• _PROBLEM DETAILS_
The pictures must be left out, while the rest of the data is copied exactly.

Stored records:
·····

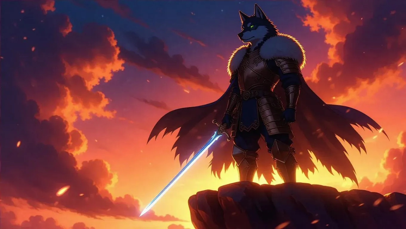 Shin Chan, transformed into a noble wolf lord, stands valiantly on a rugged cliff. He wears fur-trimmed armor and a dark cloak, his determined expression illuminated by the glow of his enchanted sword. The magical sky above is filled with howling winds, bathed in soft, warm light that casts gentle shadows and highlights. The scene is rendered in a high-fantasy style, with vibrant colors and meticulous detail, capturing the ethereal beauty of the moment.
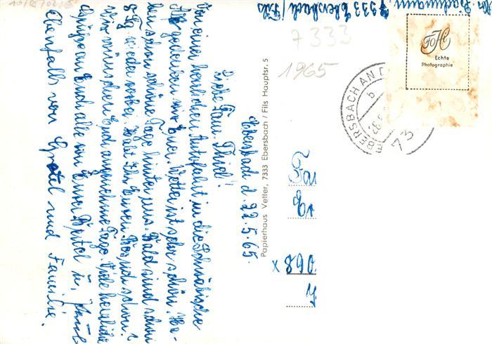 73970989 alte Postkarte Ebersbach Fils Panorama Kirche Freibad Luftaufnahme postalisch gelaufen Erhaltung siehe scans [FriedD77] KatCode: 11110008117018
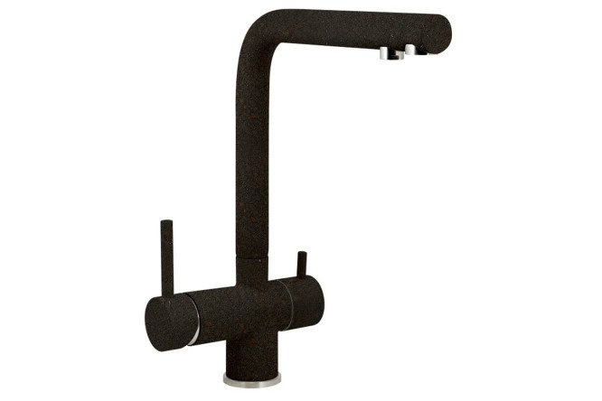The LAVA SG14 mixer will be appreciated by fans of stylish and technological devices. A brass two-spout faucet with a ceramic cartridge allows you to smoothly regulate the pressure and temperature of tap water using one of the rotary switches. The second lever turns on and off the supply of drinking water from the connected filter. This system is very convenient – you don’t have to think about how to pour filtered water into a kettle or pan.
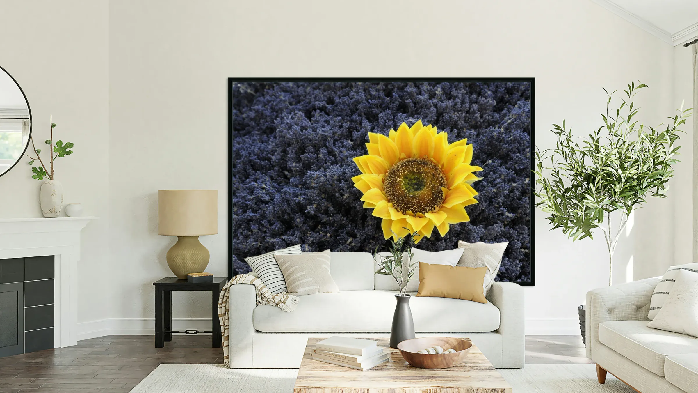 Dried sunflower in a bed of lavender flowers at Lourmarins street market Picture Frame Printing
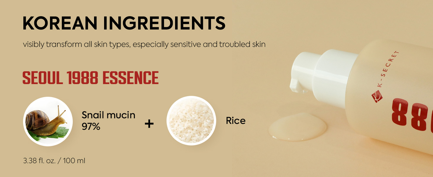 K-SECRET Seoul 1988 Essence – Snail Mucin 97% + Rice – 100 ml
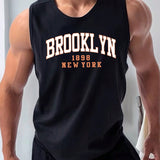 Chaleco de hombre con estampado de letras de alfabeto de estilo casual, que se puede combinar con pantalones casuales, adecuado para viajes/vacaciones/camping al aire libre/deportes
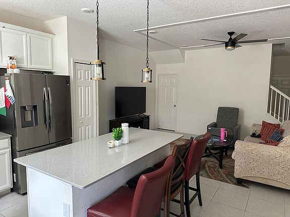 Welcome to your dream home in the highly sought-after FishHawk Ranch West community! This beautiful 3-bedroom, 2.5-bath townhouse is a true gem, boasting a well-thought-out design that perfectly blends comfort and style. As you step inside, you'll be greeted by an inviting open-concept living space adorned with elegant tile flooring throughout the main level. The kitchen is a chef's delight, featuring a spacious island with ample storage, elegant quartz countertops, and updated light fixtures. A charming pantry and modern appliances add to the convenience of this space. The kitchen seamlessly flows into the dining and living areas, creating a perfect setting for entertaining. One of the highlights of this home is the screened-in lanai, accessible through a two-door glass slider from the kitchen. Enjoy your morning coffee or evening relaxation with serene tree-lined views that provide a sense of tranquility and privacy. The main level also includes a convenient half bath for guests and a drop zone off the garage entrance, ensuring comfort and functionality. Ascend the carpet covered stairs to discover the spacious primary bedroom, a true retreat with tree views, a large walk-in closet, and an en-suite bathroom. The primary bath features dual vanity sinks with quartz countertops and an enclosed tiled shower with glass doors, offering a spa-like experience. The second and third bedrooms share a full bathroom with a tub-shower combo, making it perfect for family or guests. A large laundry room, conveniently located next to the master bedroom, includes a new washer and dryer with smart technology, adding to the home's practical features. Ceiling fans in every room throughout the home add to its charm and appeal. This townhouse also includes an attached two-car garage and a tankless water heater for added efficiency. The unbeatable location within FishHawk Ranch West offers great walkability to grocery stores, retail shops, and offices. Enjoy the community's fantastic amenities, including two pools, two dog parks, multiple playgrounds, a lake house with onsite management, a game room with pool tables, ping pong, and foosball, and a gym with stunning lake views. Walking trails and quick access to I-75 ensure that you're never far from the action in Tam
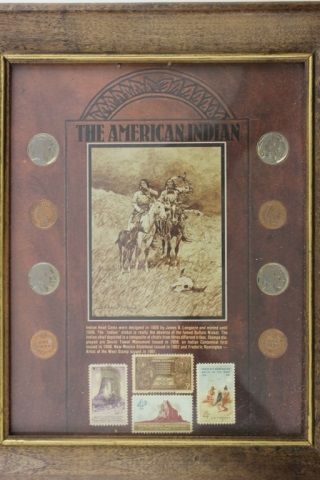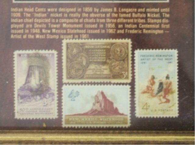 Framed the American Indian Coin and Stamp Set includes Buffalo Nickels and Indian Head Pennies and United States Uncancelled postage Stamps depicting western Scenes
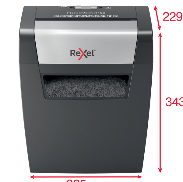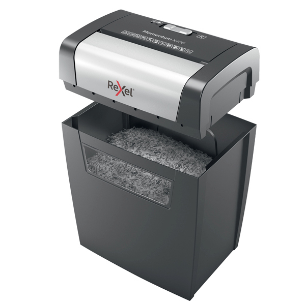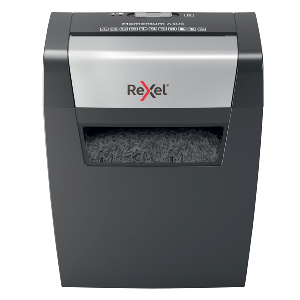 Il potere di distruggere di piu'. Rexel momentum X406 distrugge fino a 6 fogli per volta con un ciclo di lavoro continuo di 3 minuti che lo rende ideale per l'uso a casa. Livello di sicurezza P4 con taglio a frammenti da 4x30 mm. Capacita' del cestino da 15 litri (125 fogli A4) Distrugge fino a 6 fogli per volta Alto livello di sicurezza P4 con taglio a frammenti da 4x30 mm Distrugge piu' carta piu' a lungo con un ciclo di lavorazione continuo di 3 minuti Distrugge facilmente piu' documenti anche con punti e graffette agli angoli Un generoso cestino da 15L che contiene fino a 125 fogli A4 2 anni di garanzia.
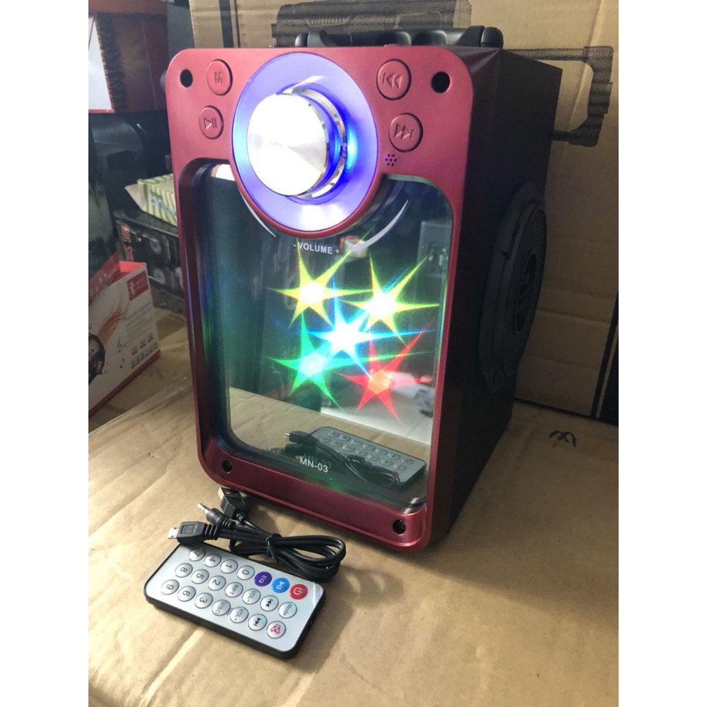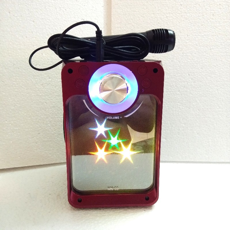 Loa kéo karaoke Bluetooth mini MN-03 có remote (Tặng kèm micro có dây)Loa kéo karaoke Bluetooth mini MN-03 (có remote và micro) là dòng loa mini có công suất lớn và âm thanh chuẩn so với các dòng loa karaoke Bluetooth mini khác trên thị trường, được nhiều người tin dùng trong thời gian qua.

·····

• _RESULT OF THE EXERCISE_
 Shin Chan, transformed into a noble wolf lord, stands valiantly on a rugged cliff. He wears fur-trimmed armor and a dark cloak, his determined expression illuminated by the glow of his enchanted sword. The magical sky above is filled with howling winds, bathed in soft, warm light that casts gentle shadows and highlights. The scene is rendered in a high-fantasy style, with vibrant colors and meticulous detail, capturing the ethereal beauty of the moment.
 73970989 alte Postkarte Ebersbach Fils Panorama Kirche Freibad Luftaufnahme postalisch gelaufen Erhaltung siehe scans [FriedD77] KatCode: 11110008117018
The LAVA SG14 mixer will be appreciated by fans of stylish and technological devices. A brass two-spout faucet with a ceramic cartridge allows you to smoothly regulate the pressure and temperature of tap water using one of the rotary switches. The second lever turns on and off the supply of drinking water from the connected filter. This system is very convenient – you don’t have to think about how to pour filtered water into a kettle or pan.
 Dried sunflower in a bed of lavender flowers at Lourmarins street market Picture Frame Printing
 K-SECRET Seoul 1988 Essence – Snail Mucin 97% + Rice – 100 ml
 Chaleco de hombre con estampado de letras de alfabeto de estilo casual, que se puede combinar con pantalones casuales, adecuado para viajes/vacaciones/camping al aire libre/deportes
 Welcome to your dream home in the highly sought-after FishHawk Ranch West community! This beautiful 3-bedroom, 2.5-bath townhouse is a true gem, boasting a well-thought-out design that perfectly blends comfort and style. As you step inside, you'll be greeted by an inviting open-concept living space adorned with elegant tile flooring throughout the main level. The kitchen is a chef's delight, featuring a spacious island with ample storage, elegant quartz countertops, and updated light fixtures. A charming pantry and modern appliances add to the convenience of this space. The kitchen seamlessly flows into the dining and living areas, creating a perfect setting for entertaining. One of the highlights of this home is the screened-in lanai, accessible through a two-door glass slider from the kitchen. Enjoy your morning coffee or evening relaxation with serene tree-lined views that provide a sense of tranquility and privacy. The main level also includes a convenient half bath for guests and a drop zone off the garage entrance, ensuring comfort and functionality. Ascend the carpet covered stairs to discover the spacious primary bedroom, a true retreat with tree views, a large walk-in closet, and an en-suite bathroom. The primary bath features dual vanity sinks with quartz countertops and an enclosed tiled shower with glass doors, offering a spa-like experience. The second and third bedrooms share a full bathroom with a tub-shower combo, making it perfect for family or guests. A large laundry room, conveniently located next to the master bedroom, includes a new washer and dryer with smart technology, adding to the home's practical features. Ceiling fans in every room throughout the home add to its charm and appeal. This townhouse also includes an attached two-car garage and a tankless water heater for added efficiency. The unbeatable location within FishHawk Ranch West offers great walkability to grocery stores, retail shops, and offices. Enjoy the community's fantastic amenities, including two pools, two dog parks, multiple playgrounds, a lake house with onsite management, a game room with pool tables, ping pong, and foosball, and a gym with stunning lake views. Walking trails and quick access to I-75 ensure that you're never far from the action in Tam
 Framed the American Indian Coin and Stamp Set includes Buffalo Nickels and Indian Head Pennies and United States Uncancelled postage Stamps depicting western Scenes
 Il potere di distruggere di piu'. Rexel momentum X406 distrugge fino a 6 fogli per volta con un ciclo di lavoro continuo di 3 minuti che lo rende ideale per l'uso a casa. Livello di sicurezza P4 con taglio a frammenti da 4x30 mm. Capacita' del cestino da 15 litri (125 fogli A4) Distrugge fino a 6 fogli per volta Alto livello di sicurezza P4 con taglio a frammenti da 4x30 mm Distrugge piu' carta piu' a lungo con un ciclo di lavorazione continuo di 3 minuti Distrugge facilmente piu' documenti anche con punti e graffette agli angoli Un generoso cestino da 15L che contiene fino a 125 fogli A4 2 anni di garanzia.
 Loa kéo karaoke Bluetooth mini MN-03 có remote (Tặng kèm micro có dây)Loa kéo karaoke Bluetooth mini MN-03 (có remote và micro) là dòng loa mini có công suất lớn và âm thanh chuẩn so với các dòng loa karaoke Bluetooth mini khác trên thị trường, được nhiều người tin dùng trong thời gian qua.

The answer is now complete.